[Stored data entries]
§ §

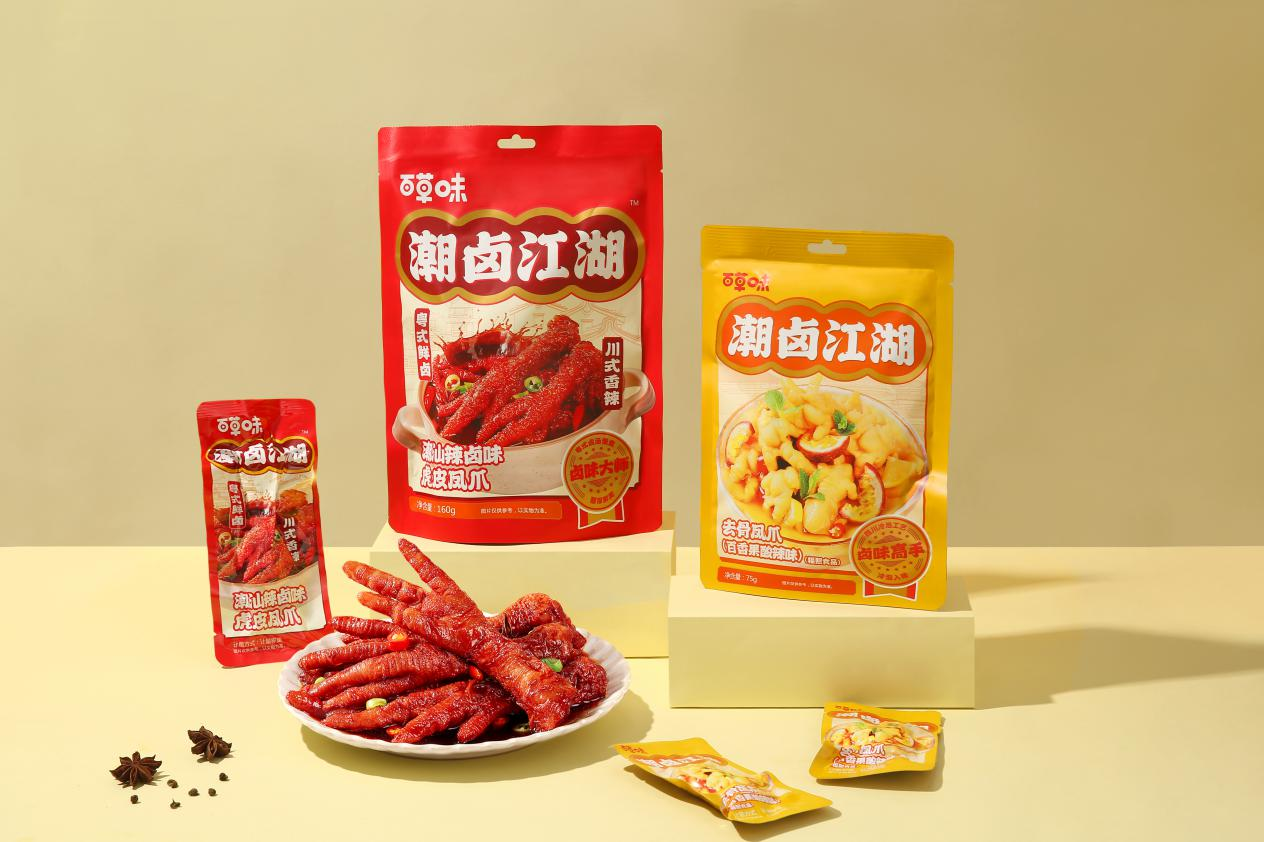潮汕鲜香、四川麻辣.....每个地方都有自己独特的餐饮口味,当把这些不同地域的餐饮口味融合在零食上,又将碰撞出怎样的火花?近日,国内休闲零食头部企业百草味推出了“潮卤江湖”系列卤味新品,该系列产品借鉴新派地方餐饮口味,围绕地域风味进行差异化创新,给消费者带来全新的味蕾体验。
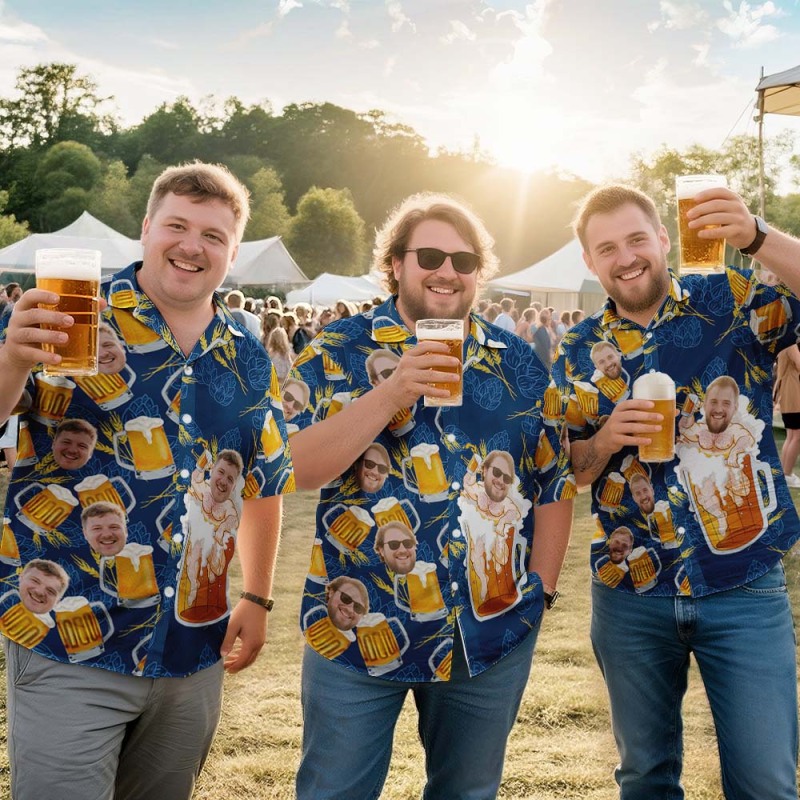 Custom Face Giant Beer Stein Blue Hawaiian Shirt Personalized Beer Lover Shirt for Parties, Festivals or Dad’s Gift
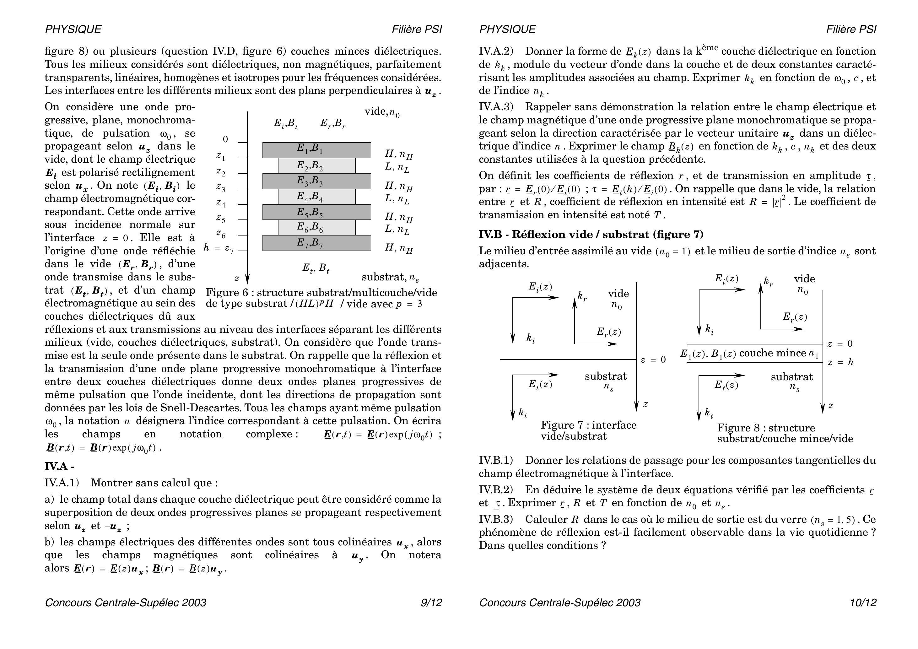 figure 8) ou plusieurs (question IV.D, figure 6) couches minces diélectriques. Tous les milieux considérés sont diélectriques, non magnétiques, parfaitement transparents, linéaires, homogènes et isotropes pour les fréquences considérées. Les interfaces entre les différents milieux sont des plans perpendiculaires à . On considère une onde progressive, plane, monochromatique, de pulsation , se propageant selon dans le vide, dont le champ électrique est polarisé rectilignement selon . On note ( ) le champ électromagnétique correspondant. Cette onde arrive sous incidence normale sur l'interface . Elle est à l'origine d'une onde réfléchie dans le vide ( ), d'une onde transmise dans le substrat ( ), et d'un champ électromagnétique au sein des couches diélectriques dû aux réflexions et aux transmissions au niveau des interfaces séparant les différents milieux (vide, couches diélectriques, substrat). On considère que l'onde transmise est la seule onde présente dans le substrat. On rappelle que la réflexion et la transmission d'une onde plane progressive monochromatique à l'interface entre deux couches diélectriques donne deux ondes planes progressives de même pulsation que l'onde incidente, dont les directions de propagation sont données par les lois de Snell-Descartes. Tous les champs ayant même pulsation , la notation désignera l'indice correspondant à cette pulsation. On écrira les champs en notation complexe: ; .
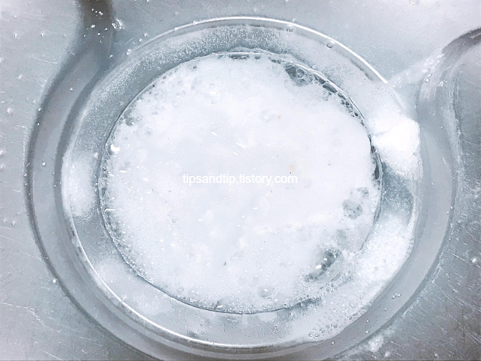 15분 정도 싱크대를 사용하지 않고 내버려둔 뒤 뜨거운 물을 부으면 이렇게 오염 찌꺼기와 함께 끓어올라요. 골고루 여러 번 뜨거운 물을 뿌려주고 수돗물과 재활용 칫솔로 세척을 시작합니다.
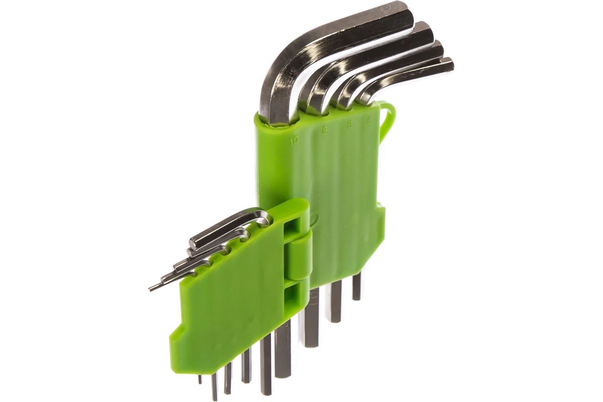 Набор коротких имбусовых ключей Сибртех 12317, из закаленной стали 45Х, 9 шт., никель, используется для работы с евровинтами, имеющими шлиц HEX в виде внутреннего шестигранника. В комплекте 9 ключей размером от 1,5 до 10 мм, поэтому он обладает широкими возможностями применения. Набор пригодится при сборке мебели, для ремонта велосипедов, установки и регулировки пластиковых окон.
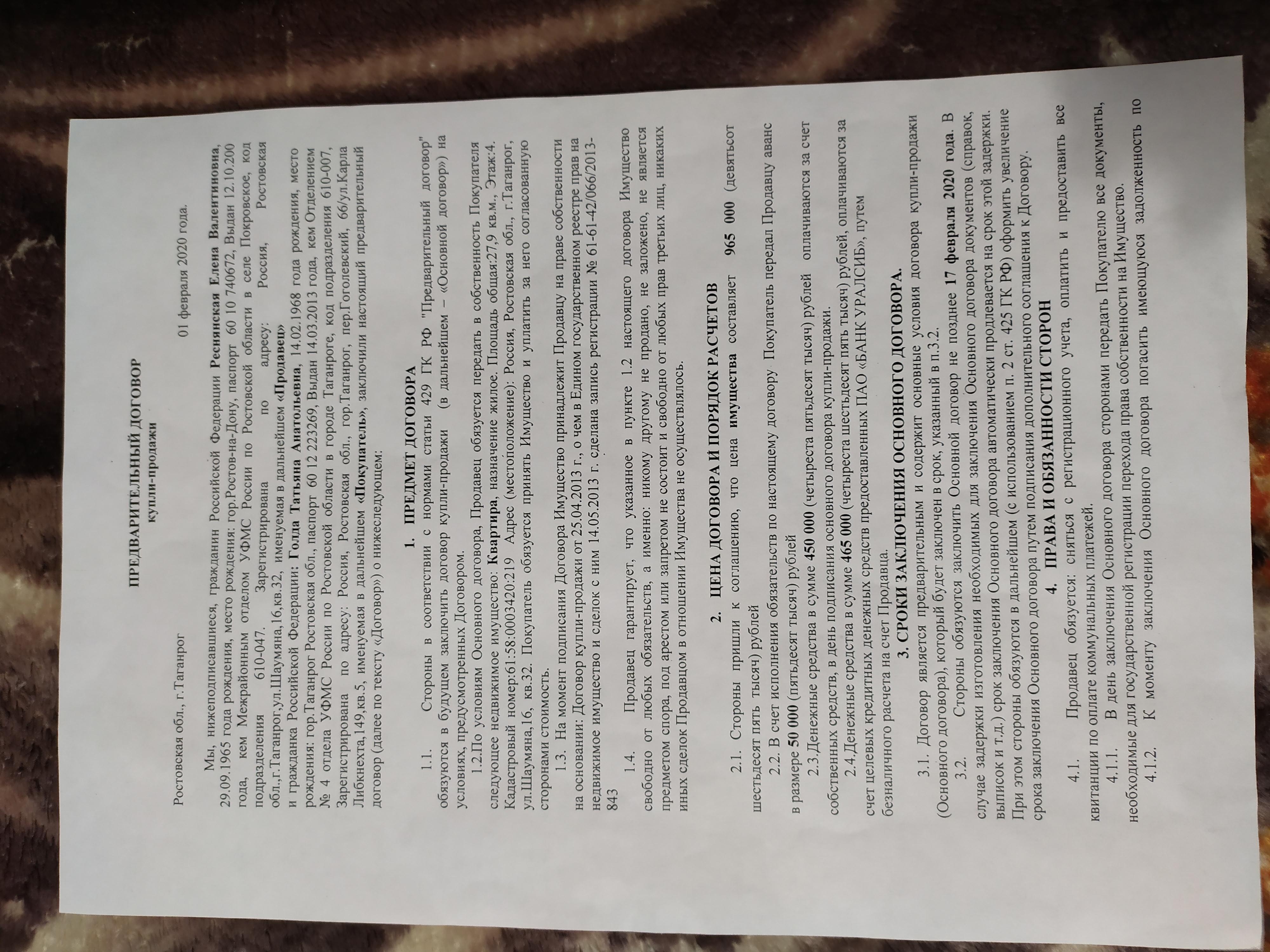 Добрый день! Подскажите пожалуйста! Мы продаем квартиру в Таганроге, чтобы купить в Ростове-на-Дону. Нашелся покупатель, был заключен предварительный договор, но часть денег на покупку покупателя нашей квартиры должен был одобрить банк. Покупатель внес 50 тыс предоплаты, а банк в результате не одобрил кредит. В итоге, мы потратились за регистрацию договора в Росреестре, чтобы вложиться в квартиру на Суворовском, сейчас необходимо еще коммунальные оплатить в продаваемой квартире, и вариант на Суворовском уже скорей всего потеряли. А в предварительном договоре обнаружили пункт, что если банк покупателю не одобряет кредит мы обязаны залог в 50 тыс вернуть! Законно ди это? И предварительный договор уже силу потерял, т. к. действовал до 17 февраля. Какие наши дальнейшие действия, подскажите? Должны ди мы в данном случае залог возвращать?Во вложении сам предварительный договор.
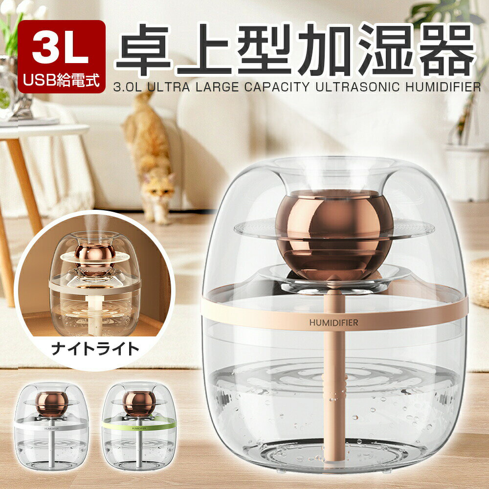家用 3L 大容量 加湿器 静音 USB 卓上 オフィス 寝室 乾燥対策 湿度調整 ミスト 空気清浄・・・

§ §

* Task *
Reproduce the records in full, exactly as they appear, and show none of the pictures.

* Answer to this task *
潮汕鲜香、四川麻辣.....每个地方都有自己独特的餐饮口味,当把这些不同地域的餐饮口味融合在零食上,又将碰撞出怎样的火花?近日,国内休闲零食头部企业百草味推出了“潮卤江湖”系列卤味新品,该系列产品借鉴新派地方餐饮口味,围绕地域风味进行差异化创新,给消费者带来全新的味蕾体验。
 Custom Face Giant Beer Stein Blue Hawaiian Shirt Personalized Beer Lover Shirt for Parties, Festivals or Dad’s Gift
 figure 8) ou plusieurs (question IV.D, figure 6) couches minces diélectriques. Tous les milieux considérés sont diélectriques, non magnétiques, parfaitement transparents, linéaires, homogènes et isotropes pour les fréquences considérées. Les interfaces entre les différents milieux sont des plans perpendiculaires à . On considère une onde progressive, plane, monochromatique, de pulsation , se propageant selon dans le vide, dont le champ électrique est polarisé rectilignement selon . On note ( ) le champ électromagnétique correspondant. Cette onde arrive sous incidence normale sur l'interface . Elle est à l'origine d'une onde réfléchie dans le vide ( ), d'une onde transmise dans le substrat ( ), et d'un champ électromagnétique au sein des couches diélectriques dû aux réflexions et aux transmissions au niveau des interfaces séparant les différents milieux (vide, couches diélectriques, substrat). On considère que l'onde transmise est la seule onde présente dans le substrat. On rappelle que la réflexion et la transmission d'une onde plane progressive monochromatique à l'interface entre deux couches diélectriques donne deux ondes planes progressives de même pulsation que l'onde incidente, dont les directions de propagation sont données par les lois de Snell-Descartes. Tous les champs ayant même pulsation , la notation désignera l'indice correspondant à cette pulsation. On écrira les champs en notation complexe: ; .
 15분 정도 싱크대를 사용하지 않고 내버려둔 뒤 뜨거운 물을 부으면 이렇게 오염 찌꺼기와 함께 끓어올라요. 골고루 여러 번 뜨거운 물을 뿌려주고 수돗물과 재활용 칫솔로 세척을 시작합니다.
 Набор коротких имбусовых ключей Сибртех 12317, из закаленной стали 45Х, 9 шт., никель, используется для работы с евровинтами, имеющими шлиц HEX в виде внутреннего шестигранника. В комплекте 9 ключей размером от 1,5 до 10 мм, поэтому он обладает широкими возможностями применения. Набор пригодится при сборке мебели, для ремонта велосипедов, установки и регулировки пластиковых окон.
 Добрый день! Подскажите пожалуйста! Мы продаем квартиру в Таганроге, чтобы купить в Ростове-на-Дону. Нашелся покупатель, был заключен предварительный договор, но часть денег на покупку покупателя нашей квартиры должен был одобрить банк. Покупатель внес 50 тыс предоплаты, а банк в результате не одобрил кредит. В итоге, мы потратились за регистрацию договора в Росреестре, чтобы вложиться в квартиру на Суворовском, сейчас необходимо еще коммунальные оплатить в продаваемой квартире, и вариант на Суворовском уже скорей всего потеряли. А в предварительном договоре обнаружили пункт, что если банк покупателю не одобряет кредит мы обязаны залог в 50 тыс вернуть! Законно ди это? И предварительный договор уже силу потерял, т. к. действовал до 17 февраля. Какие наши дальнейшие действия, подскажите? Должны ди мы в данном случае залог возвращать?Во вложении сам предварительный договор.
家用 3L 大容量 加湿器 静音 USB 卓上 オフィス 寝室 乾燥対策 湿度調整 ミスト 空気清浄・・・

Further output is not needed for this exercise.